Problem requirements:
From the line that contains "7-inch Digital Frame" to the last line of the data below, transcribe every line exactly. Do not include the pictures.

Collected material:
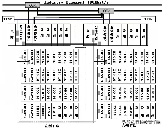 每个集控控制站由4个电源模块、2个中央处理器(CPU-417H)、4个通信模块(CP443-1)、2个ET200远程站、8个数字量输入模块(DI)、6个数字量输出模块(DO)、2个操作员面板PC670等组成。每个现地控制子站由1个电源模块、1个中央处理器(CPU-417H)、2个通信模块(CP443-1)、4个ET200远程站、2个模拟量输入模块(AI)、2个模拟量输出模块(AO)、15个数字量输入模块(DI)、8个数字量输出模块(DO)、2个SM338模块、操作员面板TP37等组成。
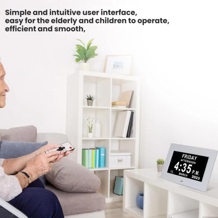 7-inch Digital Frame Calendar Day Clock With 3 Medication Alerts, 5 Custom Alarms, Multi-Language Support US Plug Black
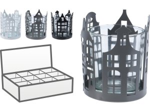 Kovový svícen na čajovou svíčku o rozměru 60×80 mm s motivem domků.

Answer section:
 7-inch Digital Frame Calendar Day Clock With 3 Medication Alerts, 5 Custom Alarms, Multi-Language Support US Plug Black
 Kovový svícen na čajovou svíčku o rozměru 60×80 mm s motivem domků.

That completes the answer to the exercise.